Friday, December 14, 2012

Scotty VerMerris-Professional Skier

Scotty VerMerris shares the tunes that get him pumped for extreme skiing.

Scotty VerMerris—professional skier, team manager and Utah sales rep for Coloardo-based ski manufacturer Icelantic Boards—puts on Skull Candy headphones and rocks out while front-flipping off 60-foot cliffs. A firecracker with skis, VerMerris faces fear without hesitation and has the injuries to prove it: broken femur, broken ankle, split cartilage under the patella— that’s just the left leg. His season (and nearly his career) ended last year with that broken femur, but music expedited his rehabilitation. “The brain heals with the body. Uplifting messages and beats helped me cognitively recover,” says VerMerris. Now he is training for the Subaru U.S. Freeskiing Championship at Snowbird in March. His passion is contagious: “Skiing fuels my desire for adrenaline, simultaneously, meeting my psychological needs of power, control, freedom, and belonging. It’s a life opportunity to continually grow; it’s experiential education.” Currently, he’s focusing on the aesthetics of skiing—line and terrain. Still, he launches daring tricks like a Misty 9 now and then.
Growing up in Ohio, an unlikely place to propagate a pro skier, VerMerris was the kid leaving race practice to build ramps and jumps. Deciding at an early age to move west, he landed at Colorado State to study human development.

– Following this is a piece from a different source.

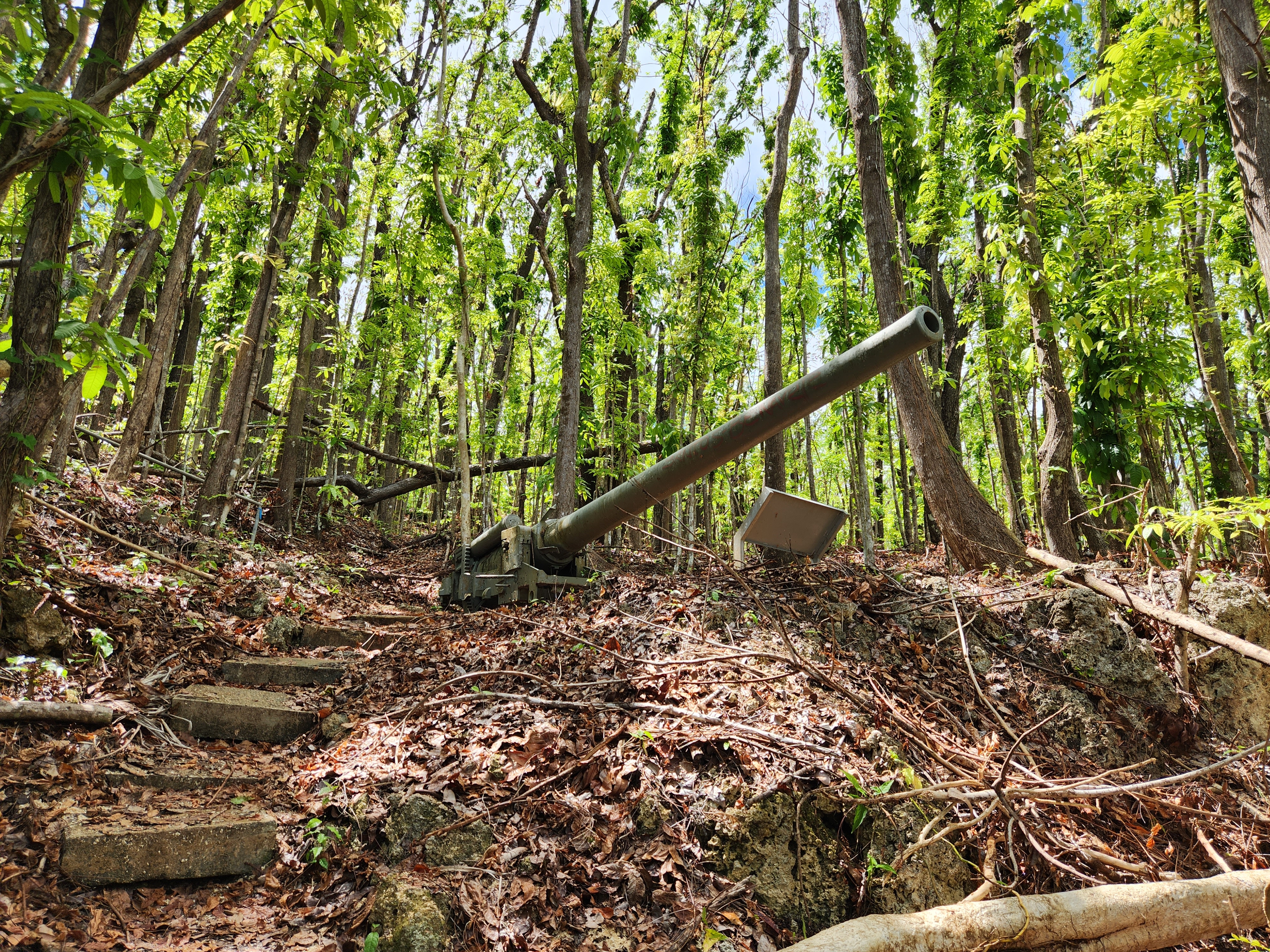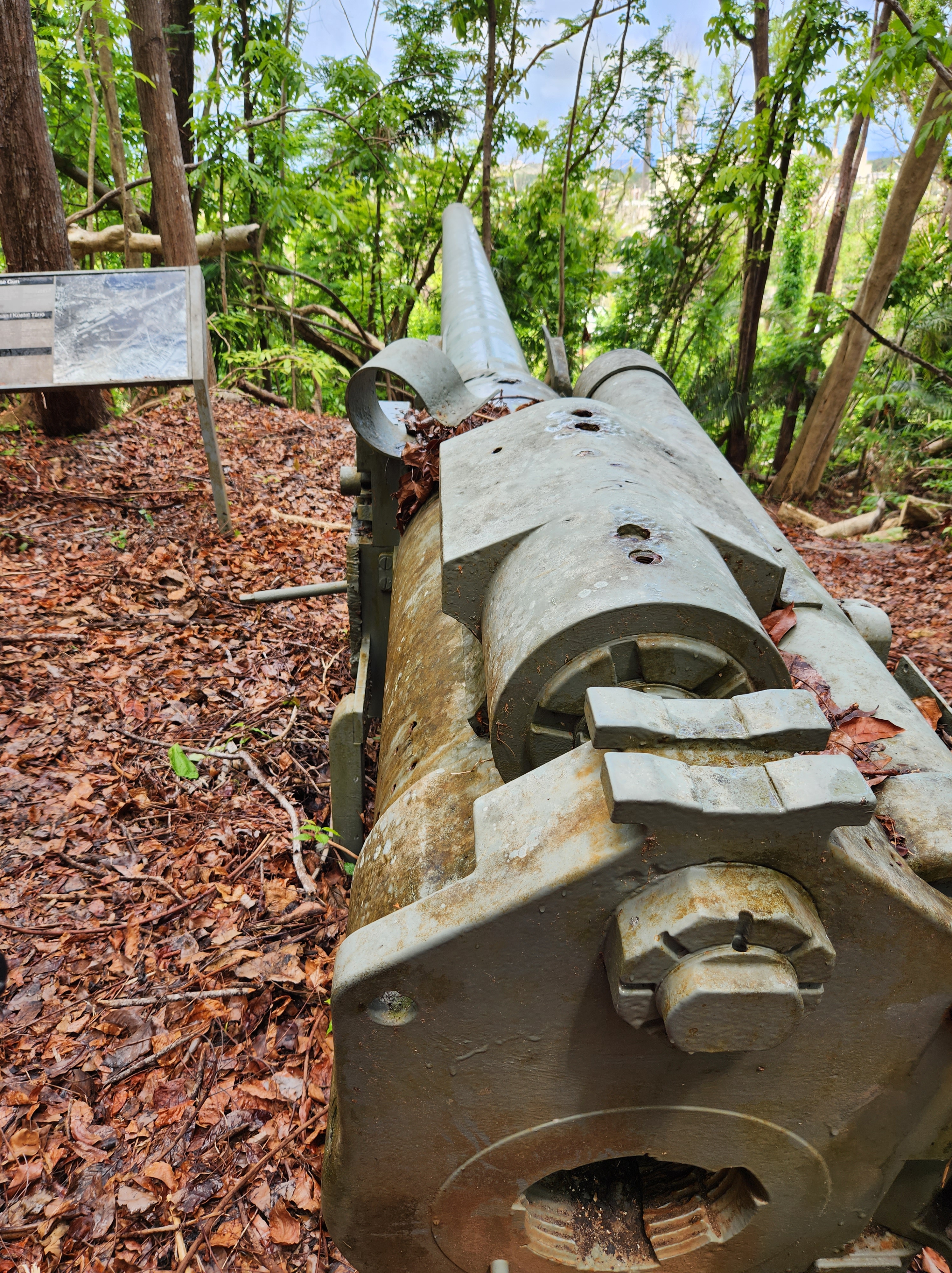 Bill’s final stop on the WWII quest in Guam was the remnants of Japanese coastal defenses from the 1940’s. These “Piti Guns” were placed high up on the hillsides to command the beaches and shoreline to deter American ships, but to no avail. The three remaining guns shown here are only still in existence because they were not operational yet when the invasion began and therefore weren’t destroyed by American battleships. They provide a glimpse of what the coastal defense batteries would look like though. Disappointingly, the visitors center for the War in the Pacific National Historic Site was close on Mondays, so there are only pictures of the outside.

After graduation, he undertook a job as counselor at a wilderness-based clinical therapy program, taking root in Salt Lake City and falling in love with the Wasatch, where his freestyle and big-mountain skills developed. After antagonizing Icelantic reps at a party and skiing with founder Ben Anderson in 2004, he turned a hobby into a career by landing a key sponsorship.

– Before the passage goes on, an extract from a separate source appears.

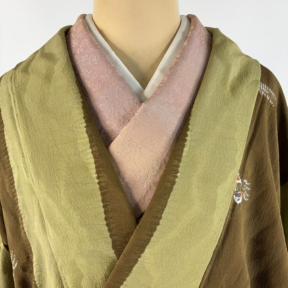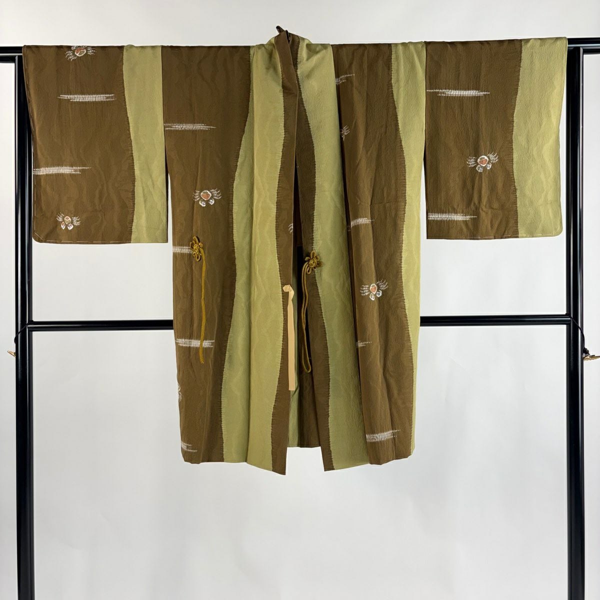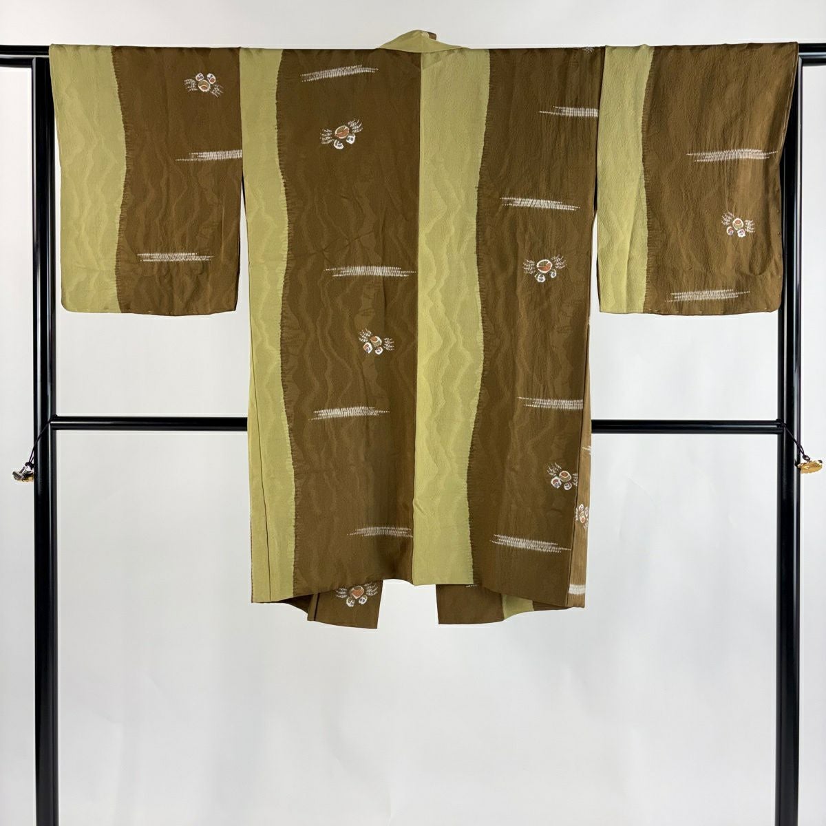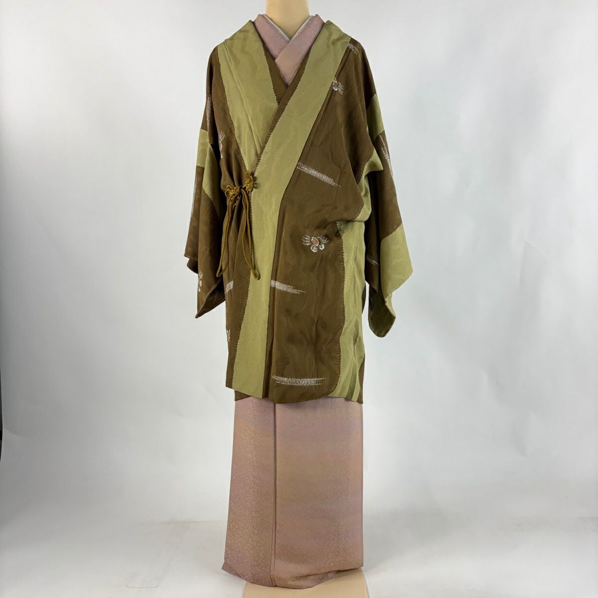 50%OFF 道中着 身丈98cm 裄丈64.5cm M 和装コート 蟹 霞 絞り 抹茶色 正絹 秀品 K50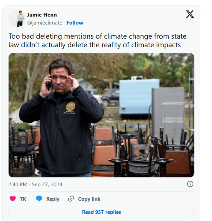 On September 27th, climate activist Jamie Henn pinned the flooding in Florida from Helene on Governor Ron DeSantis for “deleting mentions of climate change from state law,” as if that would magically stop hurricanes from striking during peak North Atlantic hurricane season.

Icelantic Boards is all about creativity, design, and art. Next year’s product line is especially geared toward music lovers— perfect for a skier with melomania.
VerMerris stays busy, filling up even more time by becoming hands-on in creating action-sport videos, as the featured skier and producer. How does he squeeze his projects in? “All the passionate people I am surrounded by are keeping me here in Utah,” he says.

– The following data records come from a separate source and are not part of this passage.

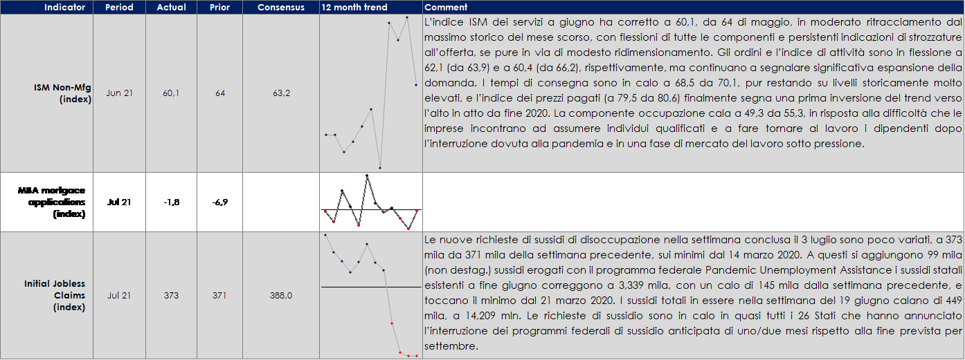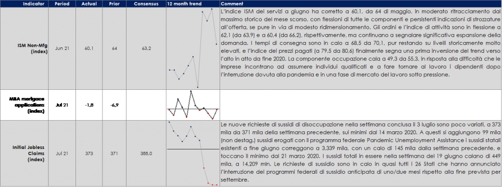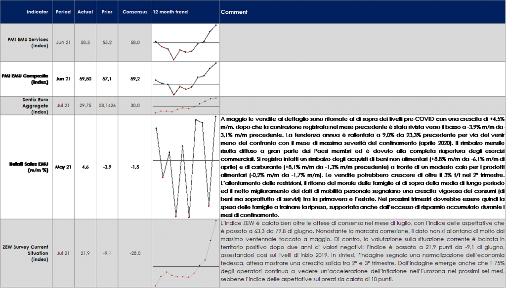 - Europa: nell’Area Euro sarà pubblicato la produzione industriale relativa al mese di maggio, che potrebbe mostrare un calo su base mensile a causa della carenza di semiconduttori che continuano a pesare sulla produzione automobilistica;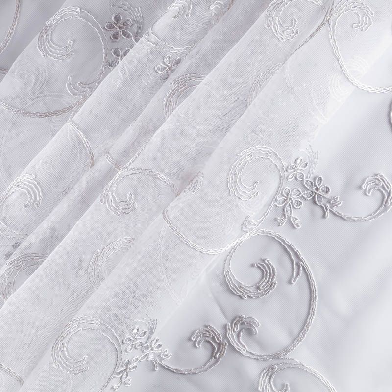 Сетка с вышивкой – это роскошный элемент дизайна, который преобразит любое помещение. Она отлично пропускает воздух, поэтому быстро сохнет после стирки. Прочная, ткань прослужит долго. Выдерживает большое количество стирок. Легкая, фактура ткани практически невесома, поэтому можно не опасаясь крепить ее даже на самый тонкий карниз. Сутажная элегантная вышивка в виде фантазийных завитков и вензелей расположена по всей высоте ткани, нижний край украшен купонной вышивкой, без утяжелителя, фигурный.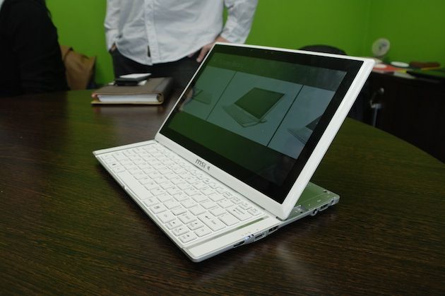 Este es el caso de MSI Slider S20, producto que la compañía mostró en el pasado Computex 2012, y que hemos podido toquetear esta mañana en nuestras oficinas. Tina Chang, Marketing Manager Product Marcom NB Marketing Dept. de la compañía, nos ha mostrado un sample del que será uno de los tablets convertibles estrella de estas Navidades.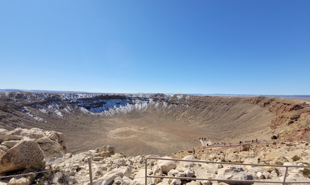 What is left is a hole a mile (1.6 km) across. The rim of the crater rises up from the desert floor. When the meteor hit it flipped the inside of the hole up and out. Think of a slow-motion picture of a stone hitting the water, and the splash up and outward. Bedrock was ejected and thrown 1-2 km away. The rim crest is being eroded by the winds across the desert. Also, the crater is being filled in by the same winds blowing sand in. Mining and NASA training only quickened the erosion. In 1963 the crater was 700 ft (213 m) deep. Today it is only 500 ft (168 m). All that said, it is still the best preserved meteor impact site in the world.

I talked with VerMerris during a break while he moved his home from Emigration Canyon to Sugar House. “Now, I won’t be such a homebody. I can get out, and get more connected to the community,” he says. However, he definitely has a presence in the Wasatch. Having a special affinity for Snowbird and Alta, accomplishing a majority of filming there, he is known to frequent The Goldminer’s Daughter with locals and friends.
Beyond skiing, VerMerris sails and races with the Park City Sailing Association, the fastest growing fleet in the country, and is vying for head sailing instructor of the burgeoning Junior Sailing Program this upcoming summer.
Whether recovering from injuries or skiing, VerMerris mainly listens to reggae and hip-hop because they are positive and meditative: “It fuels my inspiration. The universal themes are applicable, such as battling adversity and celebrating times that are good. This is what professional skiing is all about.” At home, he listens to jazz, blues, or even classical.
In his fearless fashion, VerMerris was up to the iPod shuffle challenge. Fourteen gigs of music, and no peeking at the line, no specking out the landing for this jump—just pointing and shooting for some powder shots. Afterward, he said, “My iPod’s being really cool right now. I was expecting the worst.”